Task prompt
Repeat the listing below in full and exactly, but without its pictures.

Material for the task
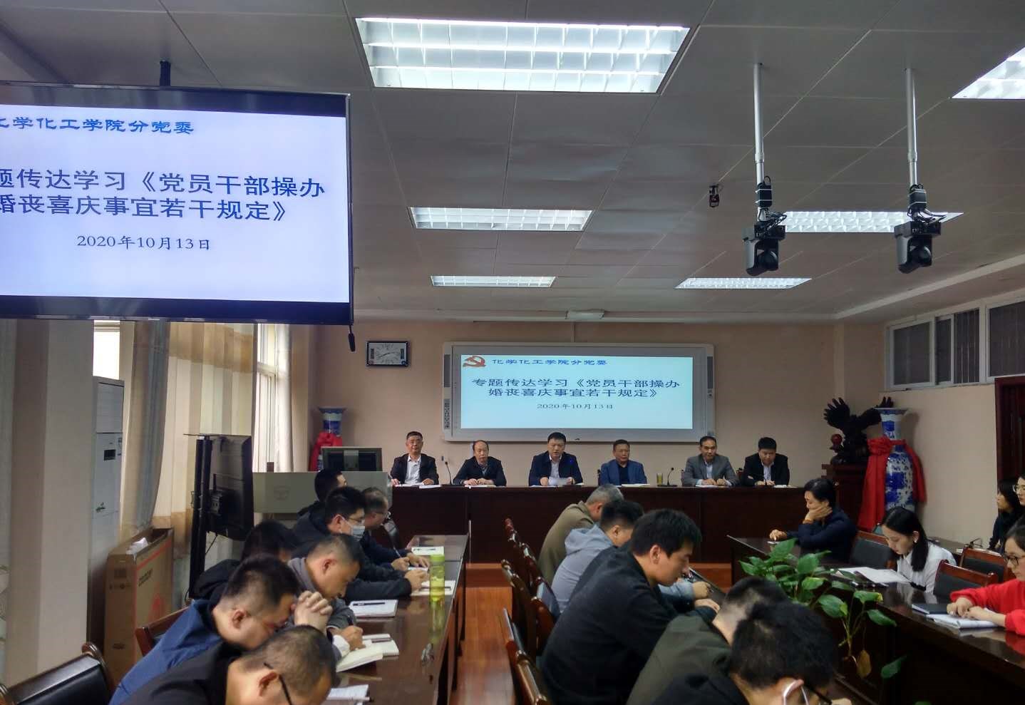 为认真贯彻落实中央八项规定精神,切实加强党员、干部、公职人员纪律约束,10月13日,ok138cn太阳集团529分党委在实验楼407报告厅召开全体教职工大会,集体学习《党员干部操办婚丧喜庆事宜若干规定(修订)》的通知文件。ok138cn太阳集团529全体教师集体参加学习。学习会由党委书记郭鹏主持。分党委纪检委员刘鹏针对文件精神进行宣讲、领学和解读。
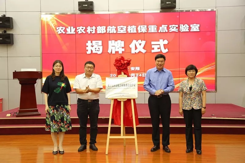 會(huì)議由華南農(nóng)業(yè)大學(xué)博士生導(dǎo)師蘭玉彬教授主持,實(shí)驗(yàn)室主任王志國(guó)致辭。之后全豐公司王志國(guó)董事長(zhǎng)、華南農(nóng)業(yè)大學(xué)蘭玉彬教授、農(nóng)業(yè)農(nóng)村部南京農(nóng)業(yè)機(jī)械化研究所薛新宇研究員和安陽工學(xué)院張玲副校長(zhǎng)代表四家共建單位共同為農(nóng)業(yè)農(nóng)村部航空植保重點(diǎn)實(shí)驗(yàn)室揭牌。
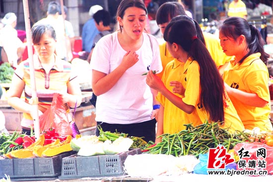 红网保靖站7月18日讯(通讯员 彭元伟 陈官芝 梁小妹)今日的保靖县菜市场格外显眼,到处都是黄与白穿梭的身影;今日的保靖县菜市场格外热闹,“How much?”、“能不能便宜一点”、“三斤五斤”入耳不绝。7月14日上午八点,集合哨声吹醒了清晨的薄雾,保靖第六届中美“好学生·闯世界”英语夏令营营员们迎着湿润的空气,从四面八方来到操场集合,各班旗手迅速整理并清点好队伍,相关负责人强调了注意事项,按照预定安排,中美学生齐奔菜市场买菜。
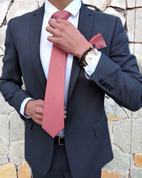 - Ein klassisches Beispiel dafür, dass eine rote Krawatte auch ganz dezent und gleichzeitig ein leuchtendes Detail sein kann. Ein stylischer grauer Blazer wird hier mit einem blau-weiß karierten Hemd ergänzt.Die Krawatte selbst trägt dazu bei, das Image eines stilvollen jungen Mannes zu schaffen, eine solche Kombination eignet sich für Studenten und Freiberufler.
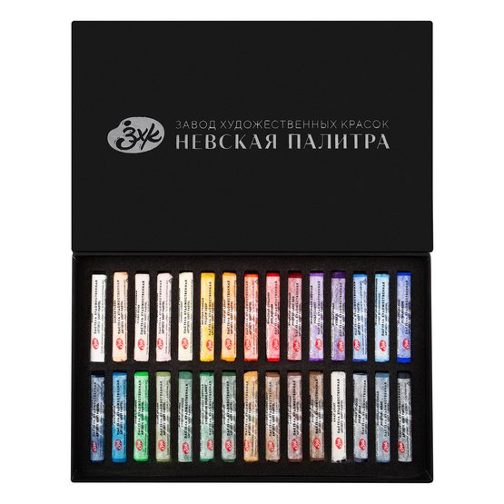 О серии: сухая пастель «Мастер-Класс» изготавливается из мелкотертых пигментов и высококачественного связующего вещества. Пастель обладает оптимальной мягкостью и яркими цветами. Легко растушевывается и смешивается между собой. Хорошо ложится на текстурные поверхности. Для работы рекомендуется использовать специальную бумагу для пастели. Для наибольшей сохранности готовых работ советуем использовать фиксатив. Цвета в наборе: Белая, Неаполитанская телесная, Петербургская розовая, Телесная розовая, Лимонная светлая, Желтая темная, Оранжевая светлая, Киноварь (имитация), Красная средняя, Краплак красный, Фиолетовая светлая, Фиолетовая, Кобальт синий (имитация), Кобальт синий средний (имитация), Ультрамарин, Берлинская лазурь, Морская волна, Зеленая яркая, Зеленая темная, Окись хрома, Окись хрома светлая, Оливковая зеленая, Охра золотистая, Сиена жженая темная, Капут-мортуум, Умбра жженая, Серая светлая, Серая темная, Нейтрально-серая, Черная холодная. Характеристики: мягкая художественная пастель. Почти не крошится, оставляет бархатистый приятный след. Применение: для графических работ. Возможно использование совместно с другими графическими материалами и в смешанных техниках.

Answer space
 为认真贯彻落实中央八项规定精神,切实加强党员、干部、公职人员纪律约束,10月13日,ok138cn太阳集团529分党委在实验楼407报告厅召开全体教职工大会,集体学习《党员干部操办婚丧喜庆事宜若干规定(修订)》的通知文件。ok138cn太阳集团529全体教师集体参加学习。学习会由党委书记郭鹏主持。分党委纪检委员刘鹏针对文件精神进行宣讲、领学和解读。
 會(huì)議由華南農(nóng)業(yè)大學(xué)博士生導(dǎo)師蘭玉彬教授主持,實(shí)驗(yàn)室主任王志國(guó)致辭。之后全豐公司王志國(guó)董事長(zhǎng)、華南農(nóng)業(yè)大學(xué)蘭玉彬教授、農(nóng)業(yè)農(nóng)村部南京農(nóng)業(yè)機(jī)械化研究所薛新宇研究員和安陽工學(xué)院張玲副校長(zhǎng)代表四家共建單位共同為農(nóng)業(yè)農(nóng)村部航空植保重點(diǎn)實(shí)驗(yàn)室揭牌。
 红网保靖站7月18日讯(通讯员 彭元伟 陈官芝 梁小妹)今日的保靖县菜市场格外显眼,到处都是黄与白穿梭的身影;今日的保靖县菜市场格外热闹,“How much?”、“能不能便宜一点”、“三斤五斤”入耳不绝。7月14日上午八点,集合哨声吹醒了清晨的薄雾,保靖第六届中美“好学生·闯世界”英语夏令营营员们迎着湿润的空气,从四面八方来到操场集合,各班旗手迅速整理并清点好队伍,相关负责人强调了注意事项,按照预定安排,中美学生齐奔菜市场买菜。
 - Ein klassisches Beispiel dafür, dass eine rote Krawatte auch ganz dezent und gleichzeitig ein leuchtendes Detail sein kann. Ein stylischer grauer Blazer wird hier mit einem blau-weiß karierten Hemd ergänzt.Die Krawatte selbst trägt dazu bei, das Image eines stilvollen jungen Mannes zu schaffen, eine solche Kombination eignet sich für Studenten und Freiberufler.
 О серии: сухая пастель «Мастер-Класс» изготавливается из мелкотертых пигментов и высококачественного связующего вещества. Пастель обладает оптимальной мягкостью и яркими цветами. Легко растушевывается и смешивается между собой. Хорошо ложится на текстурные поверхности. Для работы рекомендуется использовать специальную бумагу для пастели. Для наибольшей сохранности готовых работ советуем использовать фиксатив. Цвета в наборе: Белая, Неаполитанская телесная, Петербургская розовая, Телесная розовая, Лимонная светлая, Желтая темная, Оранжевая светлая, Киноварь (имитация), Красная средняя, Краплак красный, Фиолетовая светлая, Фиолетовая, Кобальт синий (имитация), Кобальт синий средний (имитация), Ультрамарин, Берлинская лазурь, Морская волна, Зеленая яркая, Зеленая темная, Окись хрома, Окись хрома светлая, Оливковая зеленая, Охра золотистая, Сиена жженая темная, Капут-мортуум, Умбра жженая, Серая светлая, Серая темная, Нейтрально-серая, Черная холодная. Характеристики: мягкая художественная пастель. Почти не крошится, оставляет бархатистый приятный след. Применение: для графических работ. Возможно использование совместно с другими графическими материалами и в смешанных техниках.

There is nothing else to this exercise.